* SATA Promise TX4 Crash
@ 2005-03-21 0:18 Neil Whelchel
2005-03-21 6:59 ` Brad Campbell
0 siblings, 1 reply; 4+ messages in thread
From: Neil Whelchel @ 2005-03-21 0:18 UTC (permalink / raw)
To: linux-kernel
Hello,
I have two Promise SATA TX4 cards connected to a total of 6 Maxtor 250 GB
drives (7Y250M0) configured into a RAID 5. All works well with small
disk load, but when a large number of requests are issued, it causes crash
similar to the attached, except that the errors before the crash are on a
different drive nearly every time. I have tried several different
motherboards with both Nvidia and Via chipsets, with Athlon and K6
CPUs, and the crash remains the same. I have also seen the same crash
with both a preemptable and a non-preemptable kernel, with kernel
versions 2.6.9, 2.6.10, 2.6.11, and 2.6.11.2 (this one).

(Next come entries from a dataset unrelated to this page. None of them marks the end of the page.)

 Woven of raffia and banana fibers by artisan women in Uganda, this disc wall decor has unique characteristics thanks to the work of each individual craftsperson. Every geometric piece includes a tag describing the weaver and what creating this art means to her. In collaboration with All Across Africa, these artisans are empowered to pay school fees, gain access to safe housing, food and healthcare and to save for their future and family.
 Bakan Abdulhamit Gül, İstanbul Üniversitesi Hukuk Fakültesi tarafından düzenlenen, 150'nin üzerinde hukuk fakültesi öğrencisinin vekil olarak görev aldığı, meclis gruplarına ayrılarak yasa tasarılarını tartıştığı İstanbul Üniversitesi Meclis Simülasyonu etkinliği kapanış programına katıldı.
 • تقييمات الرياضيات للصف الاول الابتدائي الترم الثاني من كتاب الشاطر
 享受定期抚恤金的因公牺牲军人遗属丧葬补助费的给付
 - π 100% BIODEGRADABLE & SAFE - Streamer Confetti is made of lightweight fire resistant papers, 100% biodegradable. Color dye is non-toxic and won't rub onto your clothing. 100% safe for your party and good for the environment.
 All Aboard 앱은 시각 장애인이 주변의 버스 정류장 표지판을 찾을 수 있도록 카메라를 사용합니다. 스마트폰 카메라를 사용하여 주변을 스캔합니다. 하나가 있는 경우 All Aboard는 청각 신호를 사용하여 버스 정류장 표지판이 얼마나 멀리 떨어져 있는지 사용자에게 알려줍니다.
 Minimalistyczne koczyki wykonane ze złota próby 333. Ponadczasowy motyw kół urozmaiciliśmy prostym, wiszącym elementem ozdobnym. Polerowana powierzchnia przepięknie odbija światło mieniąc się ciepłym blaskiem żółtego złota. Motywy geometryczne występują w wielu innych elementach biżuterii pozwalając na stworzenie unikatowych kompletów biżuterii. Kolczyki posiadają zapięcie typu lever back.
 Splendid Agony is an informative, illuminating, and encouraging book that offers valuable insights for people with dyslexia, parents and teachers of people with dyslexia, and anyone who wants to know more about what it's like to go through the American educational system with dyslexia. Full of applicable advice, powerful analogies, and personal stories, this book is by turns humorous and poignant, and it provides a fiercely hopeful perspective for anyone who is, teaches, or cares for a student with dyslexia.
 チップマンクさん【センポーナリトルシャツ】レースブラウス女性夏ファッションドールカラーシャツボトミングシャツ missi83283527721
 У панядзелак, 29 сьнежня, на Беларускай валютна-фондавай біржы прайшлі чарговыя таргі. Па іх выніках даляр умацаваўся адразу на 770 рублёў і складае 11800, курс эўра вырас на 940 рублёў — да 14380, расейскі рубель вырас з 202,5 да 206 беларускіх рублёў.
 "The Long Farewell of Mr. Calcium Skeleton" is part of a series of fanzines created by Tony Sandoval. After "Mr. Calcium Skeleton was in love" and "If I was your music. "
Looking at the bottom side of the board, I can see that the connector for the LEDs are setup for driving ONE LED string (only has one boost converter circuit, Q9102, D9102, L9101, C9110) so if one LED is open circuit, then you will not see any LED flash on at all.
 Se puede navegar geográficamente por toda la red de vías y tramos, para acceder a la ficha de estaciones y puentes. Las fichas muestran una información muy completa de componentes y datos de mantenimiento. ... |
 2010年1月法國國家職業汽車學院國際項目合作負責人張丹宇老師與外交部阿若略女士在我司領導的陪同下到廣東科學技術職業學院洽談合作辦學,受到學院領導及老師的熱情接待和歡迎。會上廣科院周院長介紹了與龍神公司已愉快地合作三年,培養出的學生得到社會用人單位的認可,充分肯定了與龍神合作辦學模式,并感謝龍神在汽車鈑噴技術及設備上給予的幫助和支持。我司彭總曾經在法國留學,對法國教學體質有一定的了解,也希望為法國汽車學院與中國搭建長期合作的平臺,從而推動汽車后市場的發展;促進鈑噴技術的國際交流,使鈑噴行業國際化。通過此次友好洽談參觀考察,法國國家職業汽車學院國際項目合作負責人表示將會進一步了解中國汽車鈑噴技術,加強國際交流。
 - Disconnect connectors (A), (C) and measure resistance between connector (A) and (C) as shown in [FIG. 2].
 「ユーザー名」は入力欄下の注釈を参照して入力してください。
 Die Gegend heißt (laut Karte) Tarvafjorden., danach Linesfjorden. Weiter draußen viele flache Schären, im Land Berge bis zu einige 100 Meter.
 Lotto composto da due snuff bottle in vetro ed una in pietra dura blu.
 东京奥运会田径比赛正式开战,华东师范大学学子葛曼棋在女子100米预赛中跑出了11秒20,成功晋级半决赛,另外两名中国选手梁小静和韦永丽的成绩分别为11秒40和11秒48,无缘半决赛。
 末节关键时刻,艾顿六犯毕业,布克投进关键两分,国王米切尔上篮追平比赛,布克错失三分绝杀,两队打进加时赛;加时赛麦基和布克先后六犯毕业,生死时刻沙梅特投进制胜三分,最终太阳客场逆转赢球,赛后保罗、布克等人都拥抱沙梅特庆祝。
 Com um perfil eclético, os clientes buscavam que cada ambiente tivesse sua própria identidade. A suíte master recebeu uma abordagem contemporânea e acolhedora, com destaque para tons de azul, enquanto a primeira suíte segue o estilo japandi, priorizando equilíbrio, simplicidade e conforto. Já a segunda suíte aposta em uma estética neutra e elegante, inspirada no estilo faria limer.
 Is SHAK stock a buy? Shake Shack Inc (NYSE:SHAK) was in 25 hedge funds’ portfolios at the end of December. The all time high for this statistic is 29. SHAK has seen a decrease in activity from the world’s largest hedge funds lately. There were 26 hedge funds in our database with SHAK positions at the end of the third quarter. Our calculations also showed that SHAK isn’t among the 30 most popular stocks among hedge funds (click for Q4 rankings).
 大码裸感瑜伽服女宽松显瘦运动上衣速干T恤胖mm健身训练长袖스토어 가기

Any suggestions, or is this a bug?
ata3: status=0x51 { DriveReady SeekComplete Error }
ata3: error=0x40 { UncorrectableError }
ata3: status=0x51 { DriveReady SeekComplete Error }
ata3: error=0x40 { UncorrectableError }
ata3: status=0x51 { DriveReady SeekComplete Error }
ata3: error=0x40 { UncorrectableError }
ata3: status=0x51 { DriveReady SeekComplete Error }
ata3: error=0x40 { UncorrectableError }
ata3: status=0x51 { DriveReady SeekComplete Error }
ata3: error=0x40 { UncorrectableError }
ata3: command timeout
Assertion failed! qc->flags &
ATA_QCFLAG_ACTIVE,drivers/scsi/libata-core.c,ata_qc_complete,line=2807
ata3: status=0x51 { DriveReady SeekComplete Error }
ata3: called with no error (51)!
------------[ cut here ]------------
kernel BUG at drivers/scsi/scsi.c:299!
invalid operand: 0000 [#1]
PREEMPT
Modules linked in:
CPU: 0
EIP: 0060:[<c02a9ddb>] Not tainted VLI
EFLAGS: 00010046 (2.6.11.2)
EIP is at scsi_put_command+0xbb/0x100
eax: 00000001 ebx: c2f5e390 ecx: 00000001 edx: c2f5e390
esi: c2f5e380 edi: 00000246 ebp: c7c4beb4 esp: c7c4be9c
ds: 007b es: 007b ss: 0068
Process scsi_eh_2 (pid: 821, threadinfo=c7c4a000 task=c7c315b0)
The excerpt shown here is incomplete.